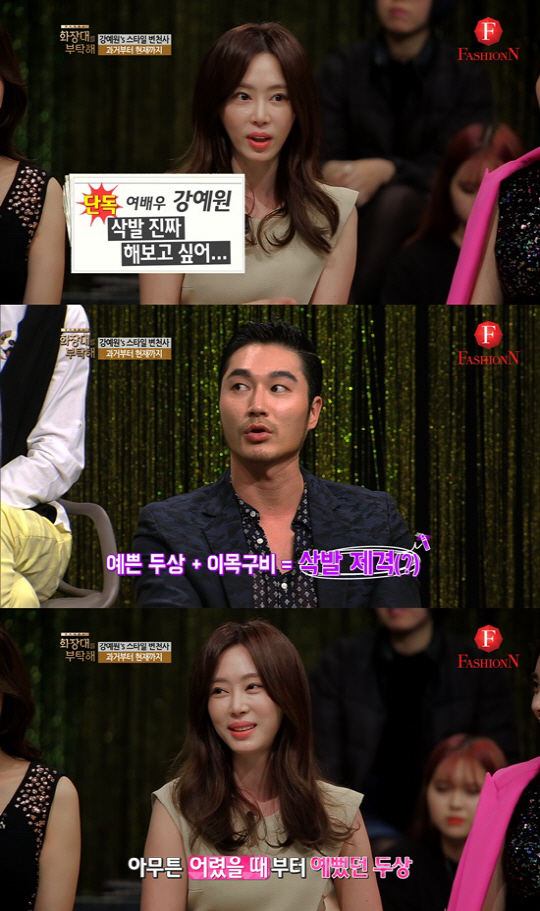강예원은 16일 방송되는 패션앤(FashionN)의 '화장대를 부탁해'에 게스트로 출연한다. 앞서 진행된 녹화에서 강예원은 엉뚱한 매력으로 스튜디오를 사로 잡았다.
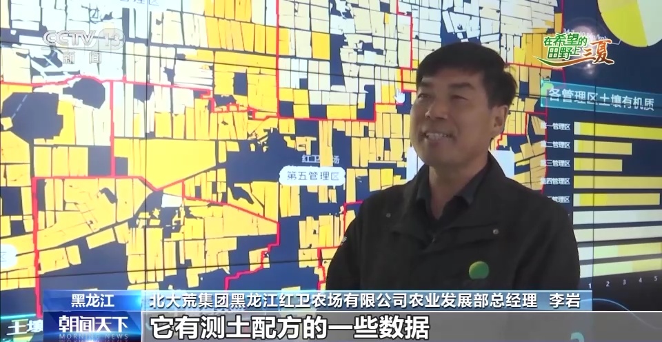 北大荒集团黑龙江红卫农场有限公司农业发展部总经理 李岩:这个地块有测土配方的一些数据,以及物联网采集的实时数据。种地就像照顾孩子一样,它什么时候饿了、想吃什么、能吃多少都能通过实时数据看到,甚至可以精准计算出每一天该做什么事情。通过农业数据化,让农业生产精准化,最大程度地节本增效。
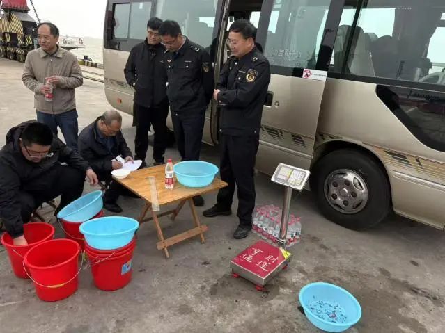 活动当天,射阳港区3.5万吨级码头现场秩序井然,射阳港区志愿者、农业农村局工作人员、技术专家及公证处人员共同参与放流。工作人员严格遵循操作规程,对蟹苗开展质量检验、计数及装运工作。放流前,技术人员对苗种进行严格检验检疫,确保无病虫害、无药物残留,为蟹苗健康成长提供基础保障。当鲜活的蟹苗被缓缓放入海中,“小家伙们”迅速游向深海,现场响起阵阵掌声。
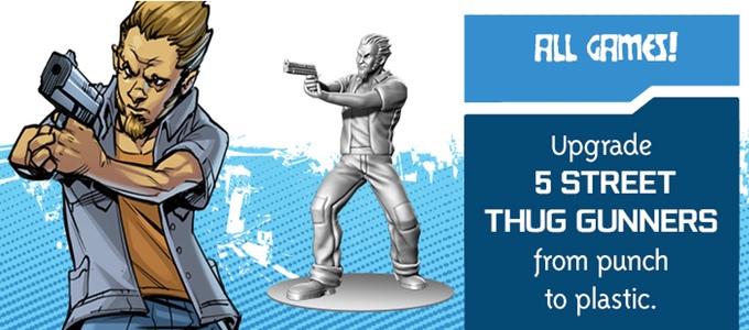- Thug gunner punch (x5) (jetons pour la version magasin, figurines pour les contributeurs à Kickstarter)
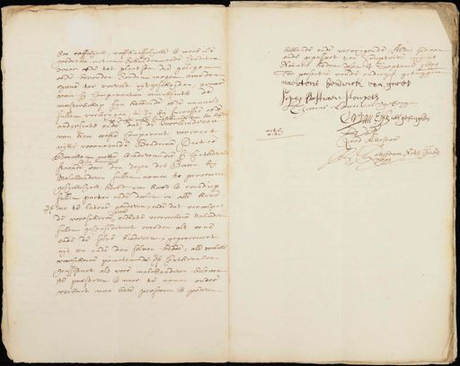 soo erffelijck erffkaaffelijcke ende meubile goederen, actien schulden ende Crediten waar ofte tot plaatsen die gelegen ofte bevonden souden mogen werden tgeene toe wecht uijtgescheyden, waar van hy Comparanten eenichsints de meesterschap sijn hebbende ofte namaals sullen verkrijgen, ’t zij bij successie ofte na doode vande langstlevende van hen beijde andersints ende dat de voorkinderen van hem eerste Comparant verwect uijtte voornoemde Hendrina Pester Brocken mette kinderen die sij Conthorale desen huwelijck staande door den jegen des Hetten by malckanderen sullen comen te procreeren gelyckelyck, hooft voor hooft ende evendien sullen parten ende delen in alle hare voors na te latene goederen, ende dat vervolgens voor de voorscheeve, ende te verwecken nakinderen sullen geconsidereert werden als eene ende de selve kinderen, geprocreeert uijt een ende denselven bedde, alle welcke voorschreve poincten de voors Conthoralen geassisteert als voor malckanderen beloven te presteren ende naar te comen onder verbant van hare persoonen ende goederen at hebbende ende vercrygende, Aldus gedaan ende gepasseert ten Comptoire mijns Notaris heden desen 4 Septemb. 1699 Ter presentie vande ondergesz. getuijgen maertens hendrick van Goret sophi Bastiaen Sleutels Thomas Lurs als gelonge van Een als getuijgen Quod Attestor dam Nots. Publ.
+++++
__TASK INSTRUCTIONS__: Print each line above exactly as it appears, excluding all images.

__ANSWER BELOW__:
강예원은 16일 방송되는 패션앤(FashionN)의 '화장대를 부탁해'에 게스트로 출연한다. 앞서 진행된 녹화에서 강예원은 엉뚱한 매력으로 스튜디오를 사로 잡았다.
 北大荒集团黑龙江红卫农场有限公司农业发展部总经理 李岩:这个地块有测土配方的一些数据,以及物联网采集的实时数据。种地就像照顾孩子一样,它什么时候饿了、想吃什么、能吃多少都能通过实时数据看到,甚至可以精准计算出每一天该做什么事情。通过农业数据化,让农业生产精准化,最大程度地节本增效。
 活动当天,射阳港区3.5万吨级码头现场秩序井然,射阳港区志愿者、农业农村局工作人员、技术专家及公证处人员共同参与放流。工作人员严格遵循操作规程,对蟹苗开展质量检验、计数及装运工作。放流前,技术人员对苗种进行严格检验检疫,确保无病虫害、无药物残留,为蟹苗健康成长提供基础保障。当鲜活的蟹苗被缓缓放入海中,“小家伙们”迅速游向深海,现场响起阵阵掌声。
- Thug gunner punch (x5) (jetons pour la version magasin, figurines pour les contributeurs à Kickstarter)
 soo erffelijck erffkaaffelijcke ende meubile goederen, actien schulden ende Crediten waar ofte tot plaatsen die gelegen ofte bevonden souden mogen werden tgeene toe wecht uijtgescheyden, waar van hy Comparanten eenichsints de meesterschap sijn hebbende ofte namaals sullen verkrijgen, ’t zij bij successie ofte na doode vande langstlevende van hen beijde andersints ende dat de voorkinderen van hem eerste Comparant verwect uijtte voornoemde Hendrina Pester Brocken mette kinderen die sij Conthorale desen huwelijck staande door den jegen des Hetten by malckanderen sullen comen te procreeren gelyckelyck, hooft voor hooft ende evendien sullen parten ende delen in alle hare voors na te latene goederen, ende dat vervolgens voor de voorscheeve, ende te verwecken nakinderen sullen geconsidereert werden als eene ende de selve kinderen, geprocreeert uijt een ende denselven bedde, alle welcke voorschreve poincten de voors Conthoralen geassisteert als voor malckanderen beloven te presteren ende naar te comen onder verbant van hare persoonen ende goederen at hebbende ende vercrygende, Aldus gedaan ende gepasseert ten Comptoire mijns Notaris heden desen 4 Septemb. 1699 Ter presentie vande ondergesz. getuijgen maertens hendrick van Goret sophi Bastiaen Sleutels Thomas Lurs als gelonge van Een als getuijgen Quod Attestor dam Nots. Publ.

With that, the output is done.